Question

Show that the number of different electron states possible for a given value of \(n\) is \(2 n^{2}\)

Short answer

Answer: The number of different electron states possible for a given value of the principal quantum number (n) is 2n².

Step-by-step solution

Understanding quantum numbers

There are four quantum numbers that describe an electron in an atom: 1. Principal quantum number (n): Represents the energy level and size of an electron's orbital (n = 1, 2, 3, ...) 2. Azimuthal quantum number (l): Represents the shape of an electron's orbital (l = 0, 1, 2, ...n-1) 3. Magnetic quantum number (m): Represents the orientation of an electron's orbital in space (m = -l, -(l-1), ...0, ...(l-1), l) 4. Electron spin quantum number (m_s): Represents the electron's intrinsic angular momentum or "spin" (m_s = -1/2, 1/2)

Determining possible values for l

For a given value of n, the azimuthal quantum number (l) can have values ranging from 0 to n-1. So there are n possible values for l.

Determining possible values for m and m_s

For each value of l, the magnetic quantum number (m) can take 2l+1 values, ranging from -l to l.
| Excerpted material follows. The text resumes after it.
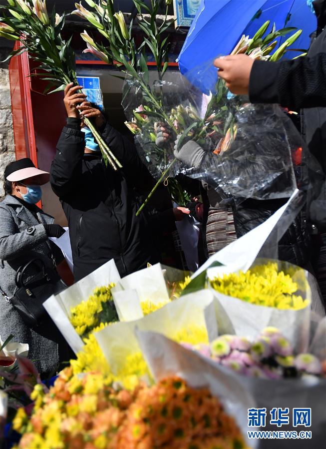 2月22日,拉萨市民在购买鲜花。 藏历新年即将到来,拉萨市民忙着购买年货、布置新年房屋等。 新华社记者 觉果 摄
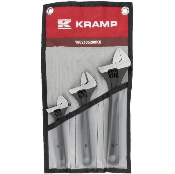 Satsen består av: 6" skruvnyckel 0-24 mm, 8" skruvnyckel 0-28 mm, 10" skruvnyckel 0-32 mm

The electron spin quantum number (m_s) can take two values, -1/2 and 1/2. So for each value of l, there are 2(2l+1) possible electron states, considering both m and m_s values.

Calculating the total number of electron states

We will now sum the number of electron states for all possible values of l (from 0 to n-1) by calculating the following sum: \(\sum_{l=0}^{n-1} 2(2l + 1)\)

Simplifying the sum

Let's start by pulling the constant term (2) out of the sum: \(2 \sum_{l=0}^{n-1} (2l + 1)\) Now let's split the sum into two separate sums: \(2( \sum_{l=0}^{n-1} 2l + \sum_{l=0}^{n-1} 1)\) The first sum is an arithmetic series, so we can simplify it using the formula: \(\sum_{l=0}^{n-1} a_l = n\big(\frac{a_0 + a_{n-1}}{2}\big)\). In this case, \(a_0 = 0\) and \(a_{n-1} = 2(n-1)\), so the first sum simplifies to: \(n\big(\frac{0 + 2(n-1)}{2}\big) = n(n-1)\) The second sum is simply adding 1 n times, so it simplifies to n. So, the sum can be written as: \(2(n(n-1) + n)\)

Final simplification

Now, we simplify the expression inside the parentheses and distribute the 2: \(2(n^2 - n + n) = 2n^2\) And that's it! We have shown that the number of different electron states possible for a given value of n is indeed \(2 n^2\).